Update : 2018-05-06

I have found that the website structure of Indeed, Monster, Dice, Careerbuilder have been changed since I wrote these posts. So, some of my code may not work now. But, I think the concept and the process is still the same.


The Github repository for this project : choux130/webscraping_example.

The process of finding jobs online can definitely be a torture. Every day is started by sitting in front of computer, browsing different kind of job searching websites and trying to track every job I have read and then categorizing them into interested or not interested. The whole process is mostly about clicking on different pages and websites, copying and pasting words. At first, you may have enough patience to read and track about 50 or more jobs a day, but when time gets long, you start to feel depressed and feel like yourself is just like a robot. If you have this same kind of experience, you are welcom to check out this post and see how I use automated web scraping techniques in Python 3.6.0 to make my job searching process easier, more efficient and much more fun!


This is just a quick look for one of my final output which was automatically generated by running the Python code. The good thing for this sheet is that I can have a big overview for all the job searching results with their required skills, education level, major and self-interested key words. So, I can easily prioritize the jobs and only focus on ones I think I can be a good fit. Compared to clicking all the job link one by one on all the job searching websites, it really not only saves me a lot of time for the first screening but also make me healthier in mental which to me is the most important thing! If you also think this sheet can be a good idea for your job searching process, please keep reading and grab anything worthy to you.
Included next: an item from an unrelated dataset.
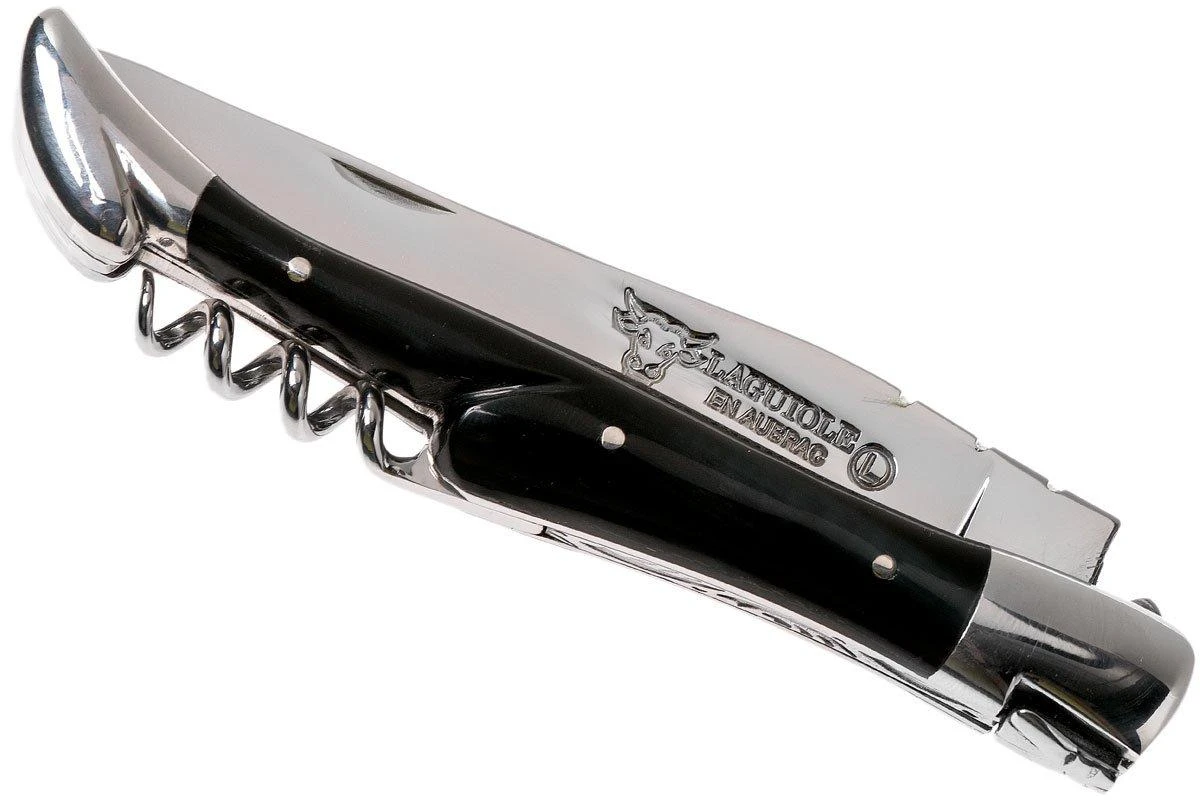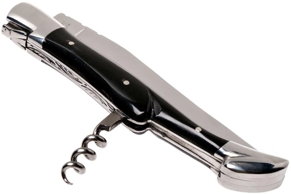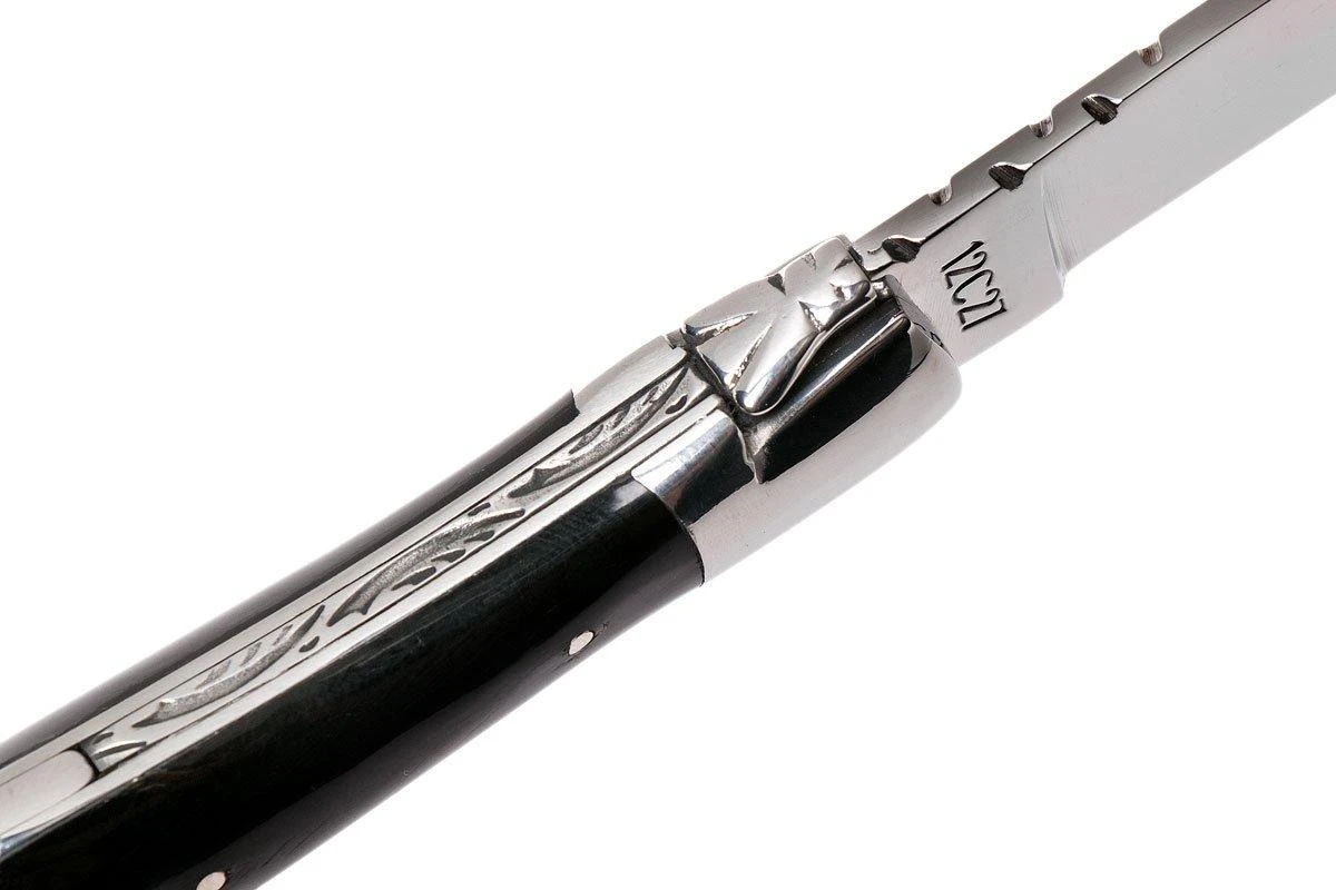 Esta navaja Laguiole en Aubrac de 12 cm tiene un sacacorchos. No sólo se beneficia de las funcionalidades de esta impresionante navaja Laguiole, sino que también es capaz de abrir una botella de vino. El lomo del mango está decorado con un sorprendente trabajo de limado. La hoja está hecha de acero inoxidable Sandvik 12C27. Tanto los cabezales como la hoja están abrillantadas. Esto hace que la navaja tenga un aspecto más elegante.

If you are not a Python 3.6.0 user or only know little about it, don’t worry! Before I did this project, I also know nothing about Python and I just learned by doing. You can find all the example code in my Github repo - webscraping_example. My code may not be the most perfect but it works well on me.

Details

  • References
    Thank you all so much!

  • Goals

    1. Automatically generate a sheet that can include today’s all searching results from 4 different job searching websites (Indeed, Monster, Dice, Careerbuilder).
    2. For each job result, I would like to know the following things:
      • From which Job Searching Website
      • Job ID (related to Job Link)
      • Job Title
      • Job Company
      • Location
      • Job Link
      • Job Type
      • Required Skills
      • Required Education Level
      • Preferred Majors
      • Interesting Keywords
      • All the Text in the Page
  • Steps
    For all the following steps, I will use web scraping Careerbuilder as an example. If you are interested in how to do it on other job searching websites ( Indeed, Monster and Dice), please check out my Github repo - webscraping_example.
    Example searching criteria:

    • job searching website: Careerbuilder
    • searching keywords: Data Scientist
    • city: Durham
    • state: NC
    1. Know the URL of the webpage you are going to scrape and know how they related to your searching criteria.
      The URL for our example, http://www.careerbuilder.com/jobs-data-scientist-in-durham,nc.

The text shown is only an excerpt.